I saw them here, I saw them there, I saw Serica pretty much everywhere. People were fanning and gushing about their watches all over the internet, but I had a different reason why I was falling for them. I wasn’t falling for the watches, I was falling for everything around the watches. Do me a favour, click on over to their website and check out their “Content” tab. It started for me right there. I saw their Bulletin. Not only was the design spot on, the perfect mix of 50s and 60s typesetting with an undefined modern coolness, the Bulletin featured four things per issue of things they thought were cool. And there they were, everything I loved — North by Northwest, Hawaiian shirts, Endless Summer, Midnight Blue, Devil in a Blue Dress, negronis, the 75, Joyimbo… It was an eclectic combination of French, Japanese and Americana culture that was just cool. And kind of what I loved despite being utterly not cool.

Every now and again, I write for brands. Not just watch brands, but all industries. I do stuff like this Serica Bulletin, only I’ve never ever come this close to creating five posts that instantly transport you to a place where you instantly understand the brand, the people behind it and, ultimately, their product. But it doesn’t stop with the Bulletin. They made a few movies. Interviews with Serica owners. But most importantly, they created their own posters. They took Serica watches and placed them in era-appropriate advertisements. And that was the key, that’s when it all clicked for me and I got Serica.

Serica, as many people will tell you, doesn’t make retro-inspired watches with modern tech inside. Because if you look at them closely, while these designs feel retro, they are unlike anything else you’ve seen before. You see, Serica operates in a parallel universe. It’s as if they are a product within the Truman Show, a modern watch based on a history that never happened in our timeline and shared life, only in their constructed story. And, hell, in a world full of generic designs, homages that border on intellectual property theft and straight recreations of old designs, if that isn’t the best way to make and sell a watch, I don’t know what is.

So, I fell in love with them way before I got my hands on one of their watches. I built this whole story about the brand in my head, they had a lot to live up to. And they kind of did way before I even took the watch out of the box. That’s because the box itself is spectacular. Actually, let me pull back that superlative. The box is exactly what it needs to be. It looks like I just pulled it out of my grandfathers drawer that I shouldn’t be messing with. Like it held a watch once but is now used as a pencil case.
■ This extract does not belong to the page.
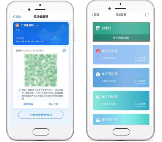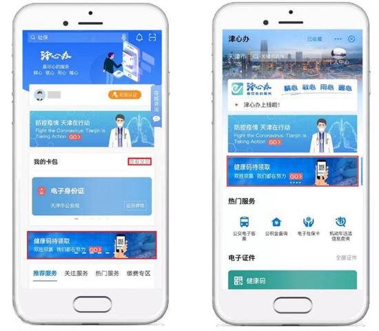 全体市民和拟入津人员可在“津心办”APP或“津心办”支付宝小程序在线申报信息,申领天津疫情防控和复工复产“健康码”,实施“绿码、橙码、红码”三色动态管理,实现“一次申报、全市通用、动态管理、分类管控”。“绿码”人员亮码出入全市各小区、企业、机场(含候机厅)、车站(含火车、长途客运候车室)、农贸市场、大型超市、商场、门脸店铺、学校、银行等人员流动性较大、可能产生聚集的场所,以及地铁、公交、长途客车、出租车、网约车等公共交通工具,体温检测正常可出行和复工;“橙码”人员严格落实居家医学观察要求,自觉接受社区管理;“红码”人员由相关机构和社区严格管控。“红码”“橙码”人员满足疫情防控条件正常后转为“绿码”。出入医疗卫生机构人员以及无码人员按原有方式通行。市民可拨打服务热线88908890进行咨询。
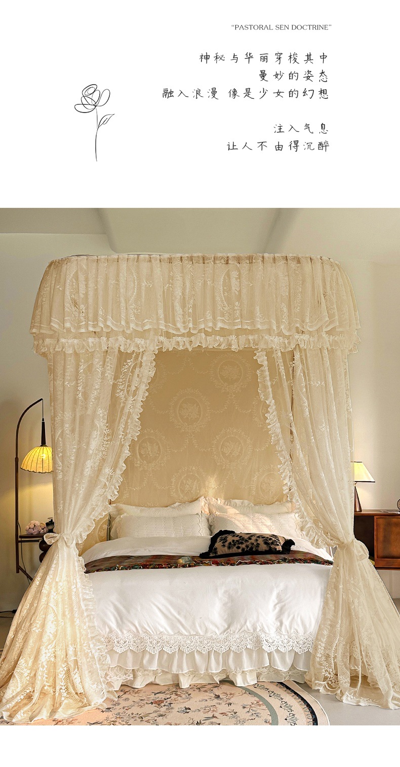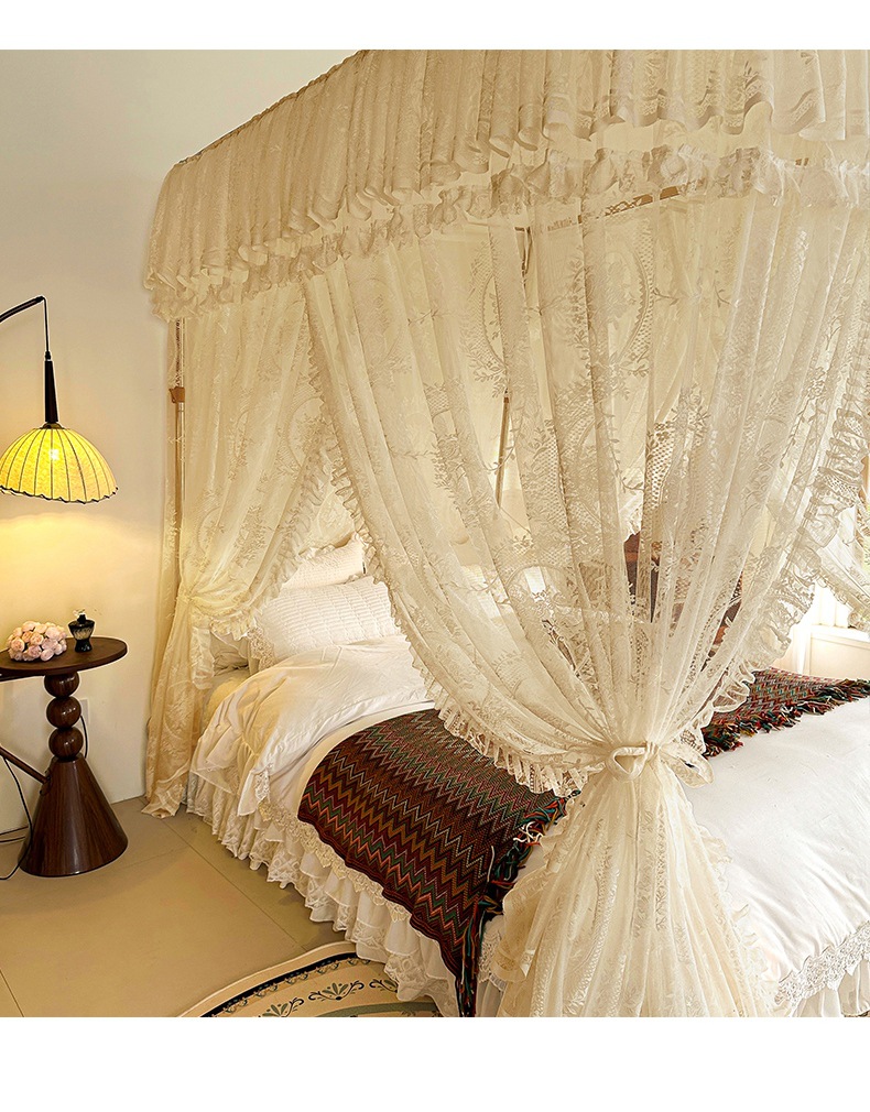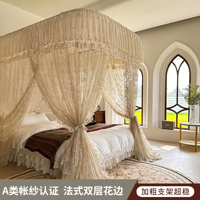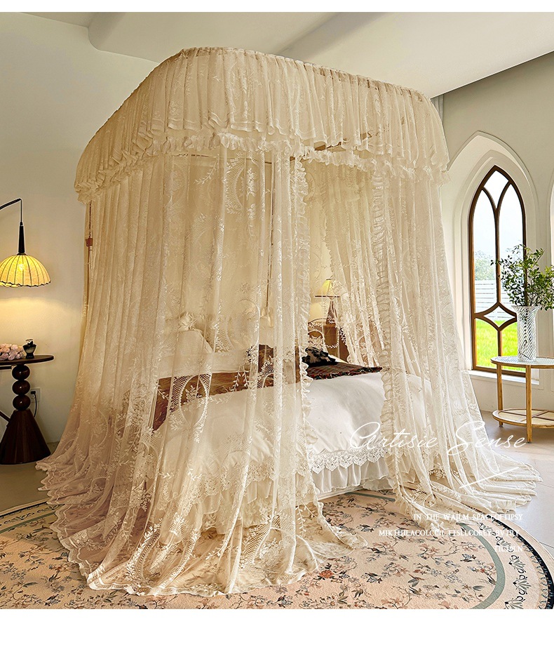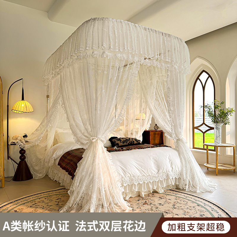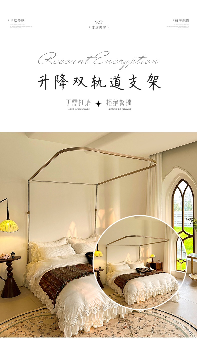 가이드 웨이 모기장 홈 침실 궁전 U 자형 트랙 유니버설 고급 플로어 스탠딩 셰이딩 패턴 2025 새로운 침대 커튼스토어 가기

Briefly overwhelmed with the totality of the watch, it’s good to start focusing on the details. So lets start with what it actually is. It’s the Ref. 8315 (speaking of, I’m kind of annoyed with their insistence to use reference numbers instead of easily memorable model names, but it’s totally in line with the world they are operating in) Travel Chronometer in a color that they call Desert Red. They can call it Desert Red, but I will call it the most wonderful shade of brown. It reminds me of the chestnut color that Steve McQueen had on his brown Ferrari 250 GT Lusso. You’ll find the color on half of the bezel and the dial. But the rest of the case will be silver.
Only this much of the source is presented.